_EXERCISE GOAL_: Print, word for word, the line containing "Bronchodilators Theophylline •" and all lines beneath it to the end of the entries below. Pictures do not belong in the copy.

_EXTRACTED INFORMATION_:
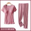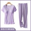 Traje de pantalón corto de manga corta para maternidad Pijama para mujeres embarazadas Verano Delgado Ropa para el hogar posparto Ropa para amamantar
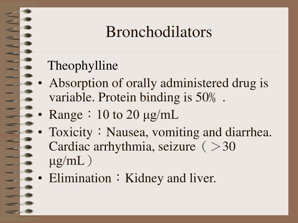 Bronchodilators Theophylline • Absorption of orally administered drug is variable. Protein binding is 50﹪. • Range:10 to 20 μg/mL • Toxicity:Nausea, vomiting and diarrhea. Cardiac arrhythmia, seizure(>30 μg/mL) • Elimination:Kidney and liver.
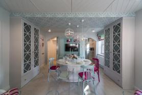 Римская штора в обновленной гостиной создана из мягкой и удивительно нежной искусственной шерсти «Shamrock». Спокойный молодой оттенок мяты задает общее настроение интерьера, прекрасно сочетаясь с отделкой из натуральных материалов. Яркий сочный кант цвета фуксии выступает в качестве стильной цветовой доминанты. Этот же акцент продолжается в мебельной обивке и декоративных подушках. Приятная фактура как нельзя лучше развивает идею дачной истории и дома для большой и дружной семьи.
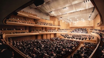 Interlochen students will perform at David Geffen Hall just months after it reopens to the public following a major renovation. Designed by Diamond Schmitt Architects in collaboration with acoustician Paul Scarbrough of Akustiks and theater designer Joshua Dachs of Fisher Dachs Associates, the hall’s design ensures superior acoustics. The renovation enhances the entire concert-going experience, with spacious new public spaces that encourage more interaction among visitors, as well as a media streaming wall.
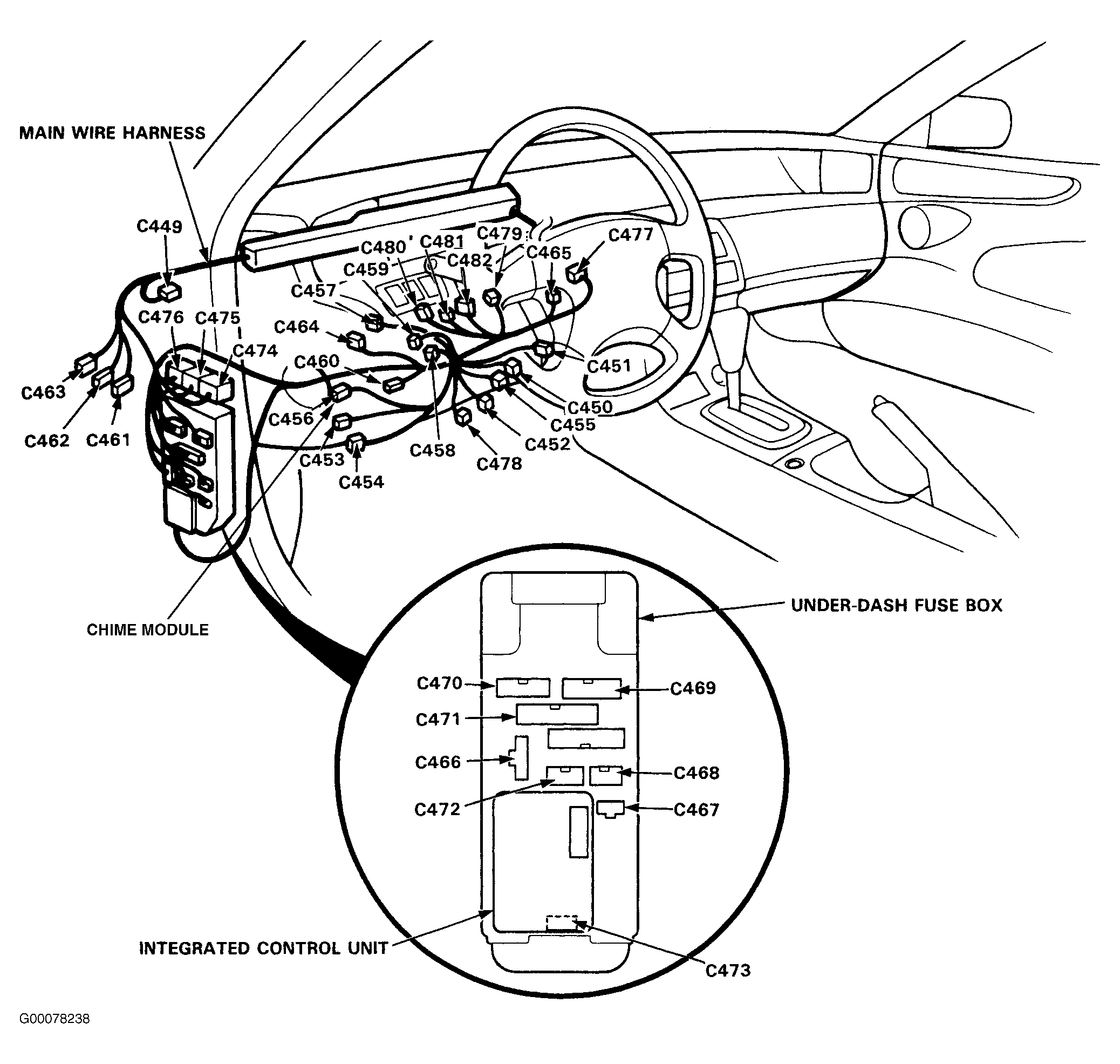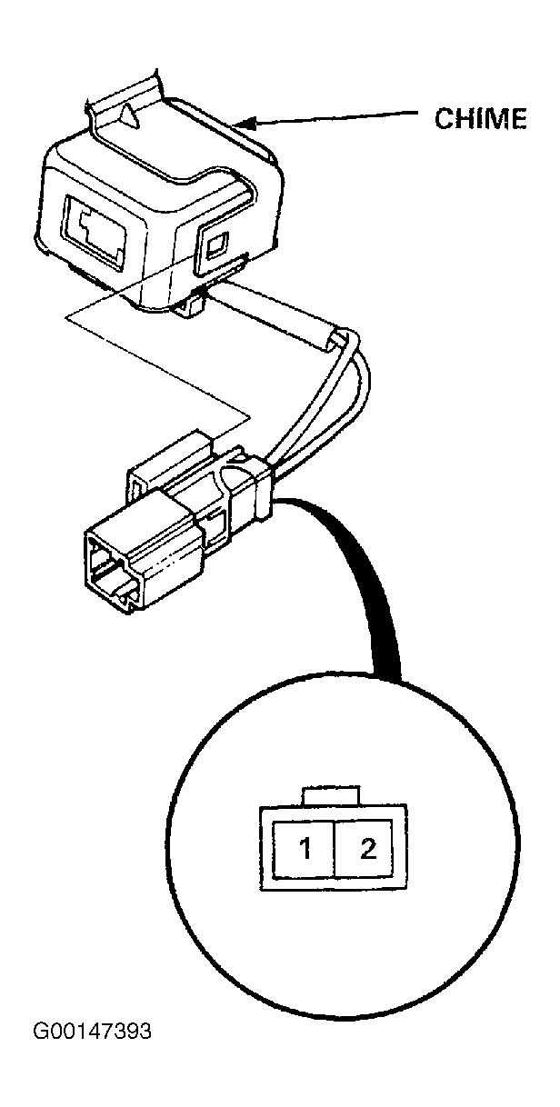 - Remove the dashboard lower cover and knee bolster. Disconnect the chime module 2-P connector from the main wire harness. See Fig 1 .

_ANSWER BOX_:
 Bronchodilators Theophylline • Absorption of orally administered drug is variable. Protein binding is 50﹪. • Range:10 to 20 μg/mL • Toxicity:Nausea, vomiting and diarrhea. Cardiac arrhythmia, seizure(>30 μg/mL) • Elimination:Kidney and liver.
 Римская штора в обновленной гостиной создана из мягкой и удивительно нежной искусственной шерсти «Shamrock». Спокойный молодой оттенок мяты задает общее настроение интерьера, прекрасно сочетаясь с отделкой из натуральных материалов. Яркий сочный кант цвета фуксии выступает в качестве стильной цветовой доминанты. Этот же акцент продолжается в мебельной обивке и декоративных подушках. Приятная фактура как нельзя лучше развивает идею дачной истории и дома для большой и дружной семьи.
 Interlochen students will perform at David Geffen Hall just months after it reopens to the public following a major renovation. Designed by Diamond Schmitt Architects in collaboration with acoustician Paul Scarbrough of Akustiks and theater designer Joshua Dachs of Fisher Dachs Associates, the hall’s design ensures superior acoustics. The renovation enhances the entire concert-going experience, with spacious new public spaces that encourage more interaction among visitors, as well as a media streaming wall.
 - Remove the dashboard lower cover and knee bolster. Disconnect the chime module 2-P connector from the main wire harness. See Fig 1 .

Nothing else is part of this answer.